The real skill isn't just lifting your hands up and abandoning doing anything yourself, it's choosing which work to do and which to delegate. It's possible to stay hands-on and still be able to delegate. This kind of strategic judgement is a learned skill, and it's a critical piece of being a good leader.

Why This Happens

Leadership frameworks often oversimplify concepts for the sake of messaging. They pick one extreme or the other and say "just do that". In reality, like everything, there is a balance. That balance changes as you transition to different roles, but it almost never goes to zero.

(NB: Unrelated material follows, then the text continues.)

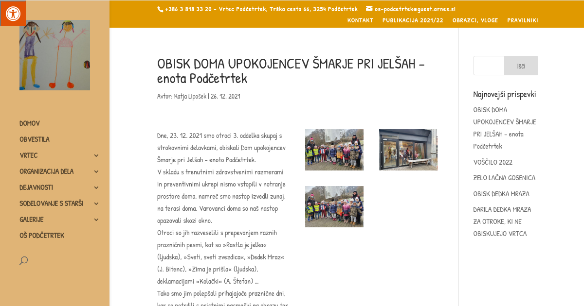 Dne, 23. 12. 2021 smo otroci 3. oddelka skupaj s strokovnimi delavkami, obiskali Dom upokojencev Šmarje pri Jelšah – enoto Podčetrtek. V skladu s trenutnimi zdravstvenimi razmerami in preventivnimi ukrepi nismo vstopili v notranje prostore doma, namreč smo nastop izvedli zunaj, na terasi doma. Varovanci doma so naš nastop opazovali skozi okno. Otroci so jih razveselili s prepevanjem raznih prazničnih pesmi, kot so »Rastla je jelka« (ljudska), »Sveti, sveti zvezdica«, »Dedek Mraz« (J. Bitenc), »Zima je prišla« (ljudska), deklamacijami »Kolački« (A. Štefan) … Tako smo jim polepšali prihajajoče praznične dni, kar so potrdili s pristnimi nasmeški na obrazu ter z aplavzom. Predali smo jim tudi voščilnico.

There's a cultural narrative that "real managers" sit behind desks and just order people around. That's not true, and to be an effective leader you need to shed yourself of this mentality. Early in your career, it's VERY hard to distinguish between "doing things that matter" and "being busy". Especially as a new manager, you don't yet fully trust that you can learn what you need to know without doing everything yourself at least once.

Also, the psychological shift of being a new manager takes a big toll. That's why most new leaders will cling on to what they're confident in (doing the work yourself) for a sense of comfort. This is absolutely the wrong choice, and will lead to burnout.

What To Do Instead

With every situation you come across, you will have to make a decision on how to approach it. Think of it as having 3 choices:

  1. Do it yourself - save this for strategic decisions, relationship-building, and spotting problems that only your experience teaches you
  2. Do it to learn - take this approach for critical work in your discipline (things your team does) so you can understand the real constraints and issues (ideally you do this a limited number of times and you stop at the point where you have developed adequate knowledge and understanding)
  3. Delegate - this should be something you do frequently, but not always, and should be applied to routine execution, repetitive tasks, and work that doesn't require your decision-making judgement

Making decisions this way ensures your hands-on work isn't time-wasting or "just getting things done", it's actual intelligence gathering that will help you be a better leader. Your ability to delegate will improve when you've actually done the work. This way, your hands-on time is from the perspective of staying current and understanding your team, not failing to delegate.

The difference between a good leader and a mediocre one is understanding which problems require you and which ones don't. A mediocre or bad leader thinks they are the saviour for everything. A great leader knows their team can (and trusts them to) handle at least the routine ones.

What Most People Get Wrong

  • Believing that staying hands-on in some capacity means they are unable to delegate
  • Thinking you have to choose between "learning the work" and "becoming a leader" - this is a false choice
  • Assuming that the busier you are, the more you're avoiding delegation - maybe you're just solving problems that need your attention
  • Not recognizing that different roles require different ratios of doing to delegating
  • Missing that your drive to understand and grow is actually a STRENGTH in leadership, not a weakness

The Bottom Line

Staying hands-on doesn't disqualify you from leadership - it's exactly what makes you trustworthy to the people you lead. The goal isn't to stop doing entirely, it's to do the right things and build a team that handles the rest. That's strategic leadership.